TETKO Solubility Model (Log mol/L): (a) 0 = Extremely Low Solubility (<-8.0); (b) 1 = Very Low Solubility (-8.0 – -6.0); (c) 2 = Low Solubility (-6.0 – -4.0); (d) 3 = Moderate Solubility (-4.0 – -2.0), (e) 4 = Optimal Solubility (-2.0 – 0.0); (f) 5 = Very Soluble (>0.0); (ref: Scitegic's Pipeline Pilot model based on Tetko et al.,J Chem Inf. Comput. Sci, 2001, 41, 1488–1493, "Estimation of Aqueous Solubility of Chemical Compounds Using E-State Indices)
Blood Brain Barrier (BBB) Permation: (a) 0 = Undefined; (b) 1 = Outside Confidence Range; (c) 2 = Low Permation (Blood:Brain > 0.3); (d) 3 = Medium Permation (Blood:Brain 0.3 > 1:1); (e) 4 = High Permeation Brain:Blood 1:1 > 5:1); (f) 5 = Very High Permation (Blood:Brain > 5:1); (ref: Accelrys Proprietary model);
Plasma Protein Binding (PPB): (a) 0 = <90%; (b) 1 = >=90%, (c) 2 = >95%; (ref: Dixon, S.L. and Merz, K.M.M., Jr. "One-Dimensional Molecular Representations and Similarity Calculations: Methodology and Validation," J. Med. Chem., 2001, 44, 3795–3809.)

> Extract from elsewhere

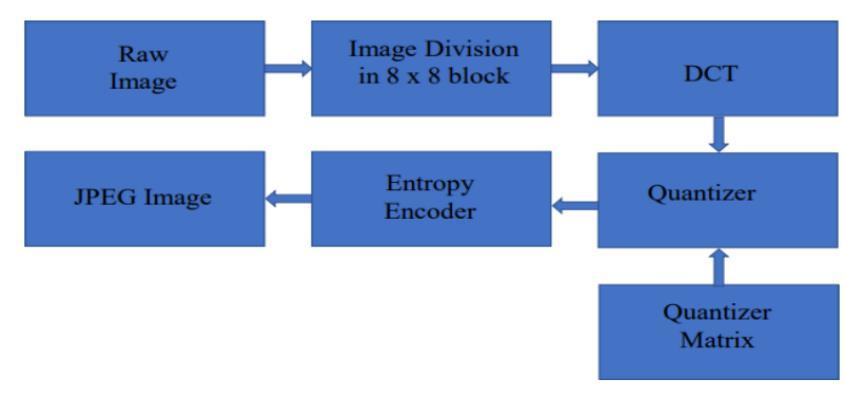 The raw image is divided into non-overlapping 8x8 blocks.These blocksareindependentunitsfor processing andanalysis.
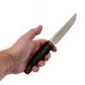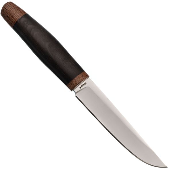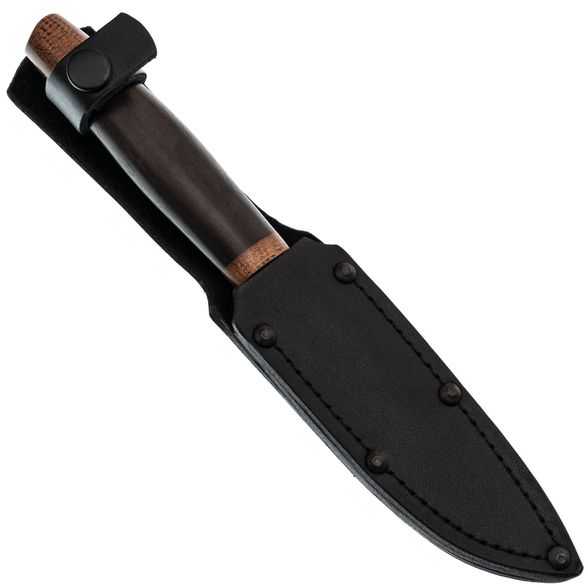 Туристический нож Гюрза-3 это отличный вариант ножа для пикников или несложных походов. Длинный клинок из нержавеющей стали 95х18 хорошо справляется не только с нарезкой мяса, приготовлением салатов и шинковкой зелени, но и со строганием, раскалыванием небольших поленьев или какими-то боковым нагрузкам в разумных пределах. Спуски от середины обеспечивают ножу такую универсальность. Рукоять ножа удобно ложится в мужскую и женскую руку благодаря бочкообразной рукояти из граба. Сквозной монтаж клинка не только облегчает, но и не позволяет хвостовику холодить руку. Для перевозки в автомобиле или ношения на поясе используются удобные кожаные ножны.

CYP 2D6 Inhibition: (a) 0 = Non-Inhibitor; (b) 1 = Inhibitor; (ref: Dixon, S.L., Villar, H.O., J. Comput. Aided Mol. Design, 13, 533 (1999).; Susnow, R.G., Dixon, SL, "Use of robust classification techniques for the prediction of human cytochrome P450 2D6 inhibition," J. Chem. Inf. Comput. Sci., 2003, 43, 1308–1315)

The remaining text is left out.